** SUPPLIED MATERIAL **
_ _ _ _ _

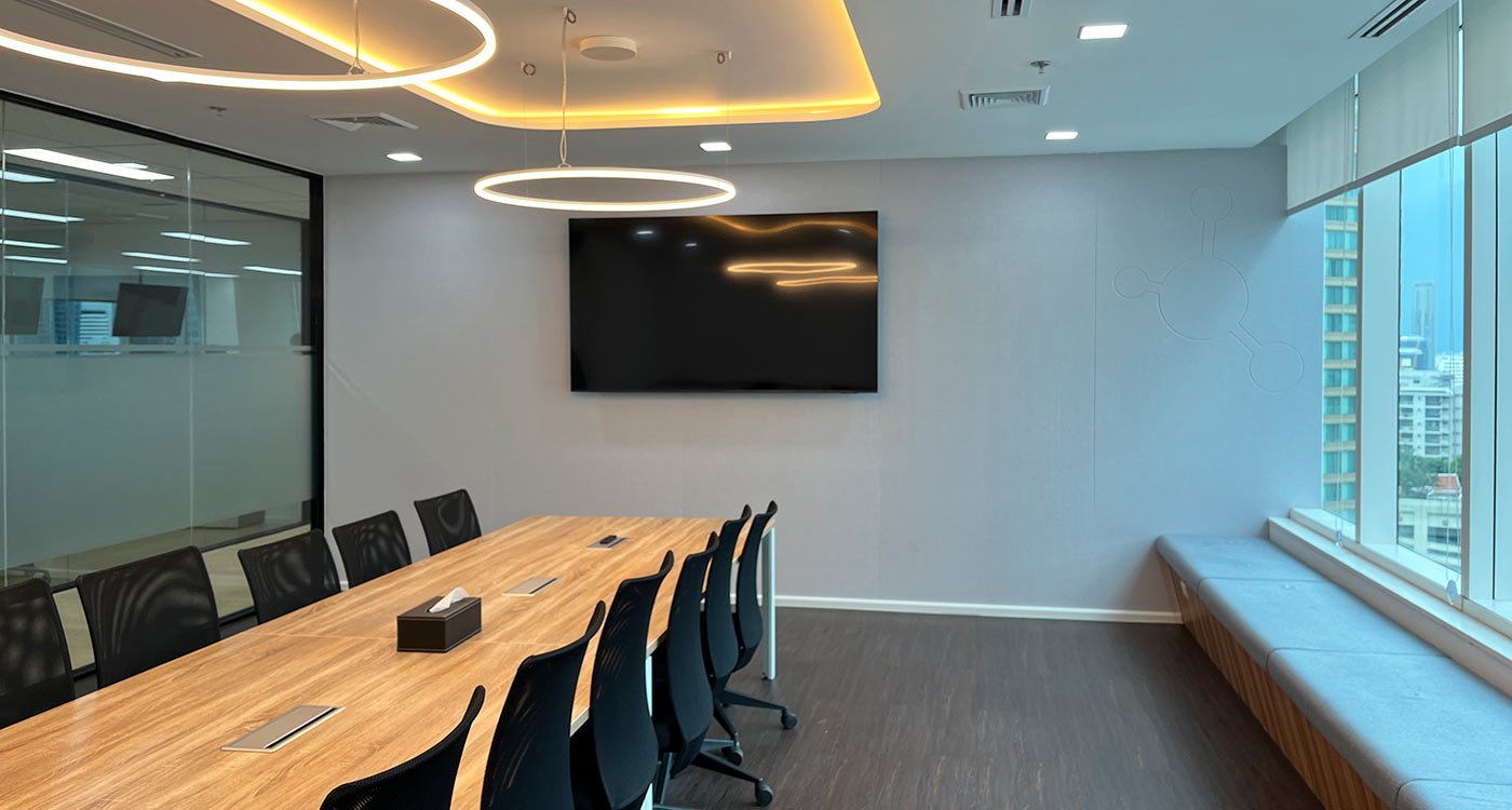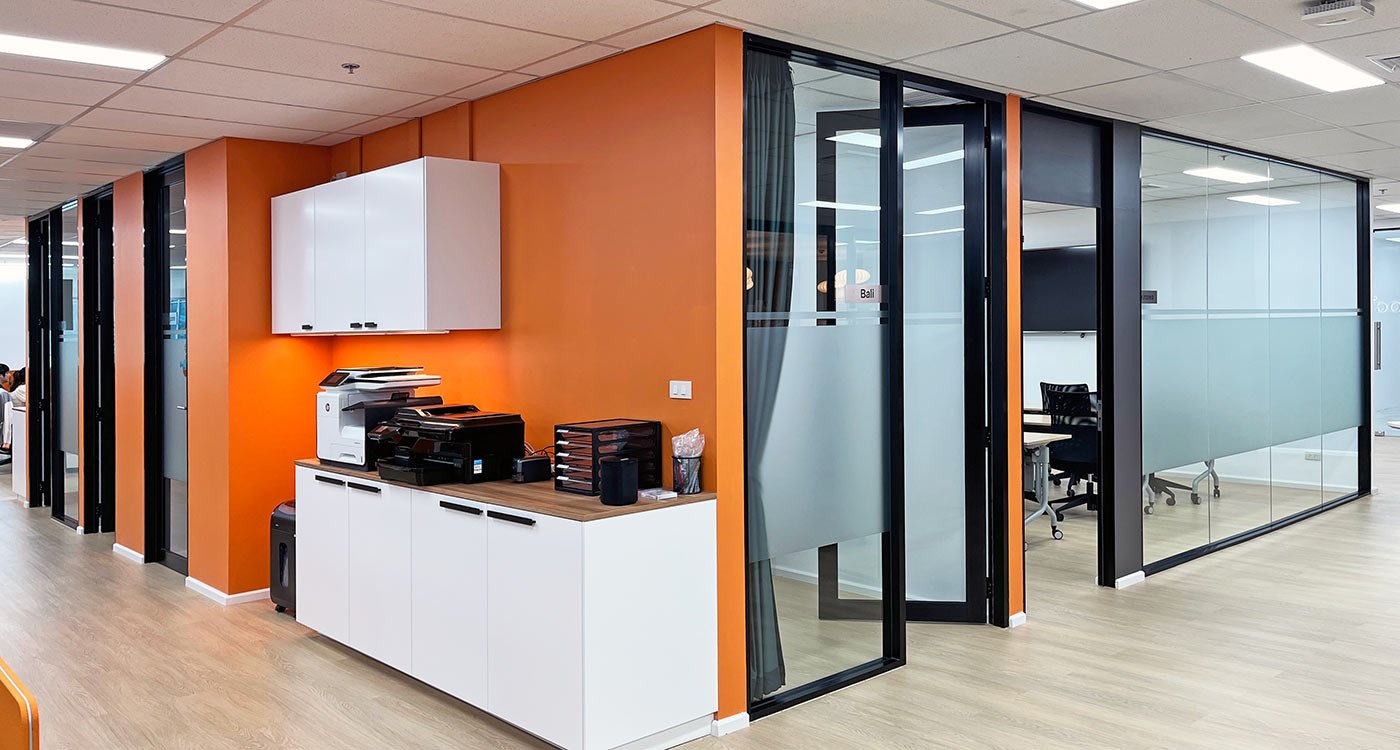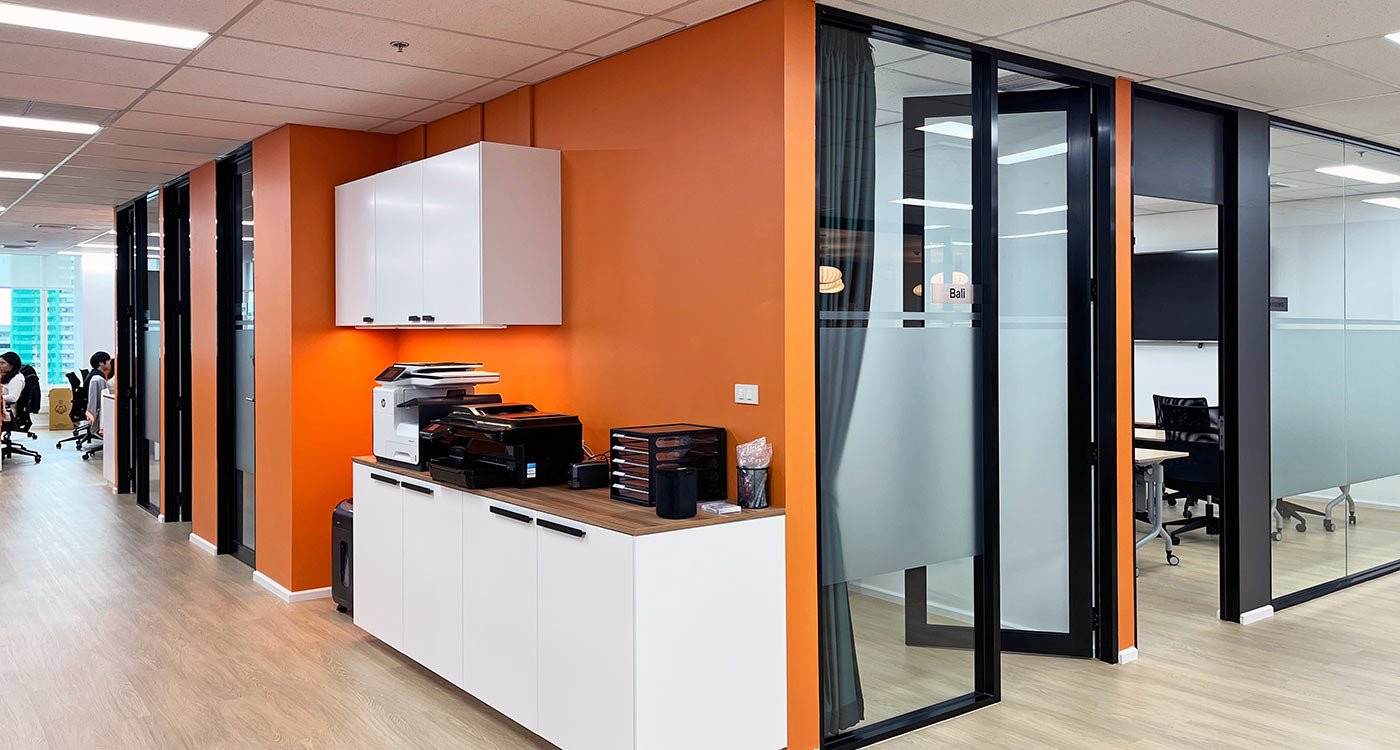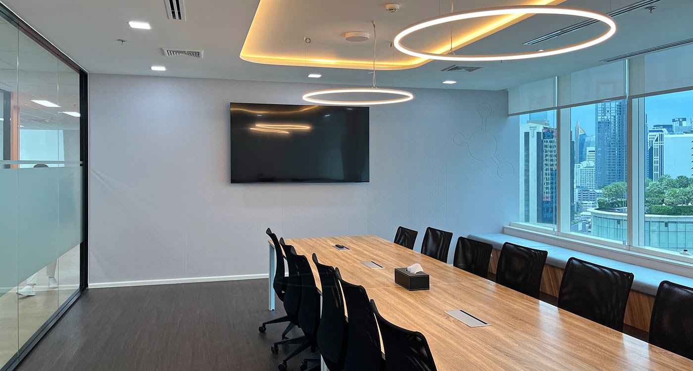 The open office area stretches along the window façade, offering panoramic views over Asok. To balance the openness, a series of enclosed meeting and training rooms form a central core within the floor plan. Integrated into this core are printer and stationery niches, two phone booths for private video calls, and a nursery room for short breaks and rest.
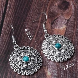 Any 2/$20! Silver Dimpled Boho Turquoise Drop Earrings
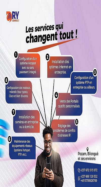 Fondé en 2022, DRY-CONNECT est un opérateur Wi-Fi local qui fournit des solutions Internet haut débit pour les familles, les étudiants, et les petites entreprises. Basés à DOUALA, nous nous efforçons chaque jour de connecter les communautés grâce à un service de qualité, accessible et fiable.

_ _ _ _ _

** ACTIVITY **
Please retype the listing in full, exactly as given, and skip every image.

** WRITTEN RESPONSE **
 The open office area stretches along the window façade, offering panoramic views over Asok. To balance the openness, a series of enclosed meeting and training rooms form a central core within the floor plan. Integrated into this core are printer and stationery niches, two phone booths for private video calls, and a nursery room for short breaks and rest.
 Any 2/$20! Silver Dimpled Boho Turquoise Drop Earrings
 Fondé en 2022, DRY-CONNECT est un opérateur Wi-Fi local qui fournit des solutions Internet haut débit pour les familles, les étudiants, et les petites entreprises. Basés à DOUALA, nous nous efforçons chaque jour de connecter les communautés grâce à un service de qualité, accessible et fiable.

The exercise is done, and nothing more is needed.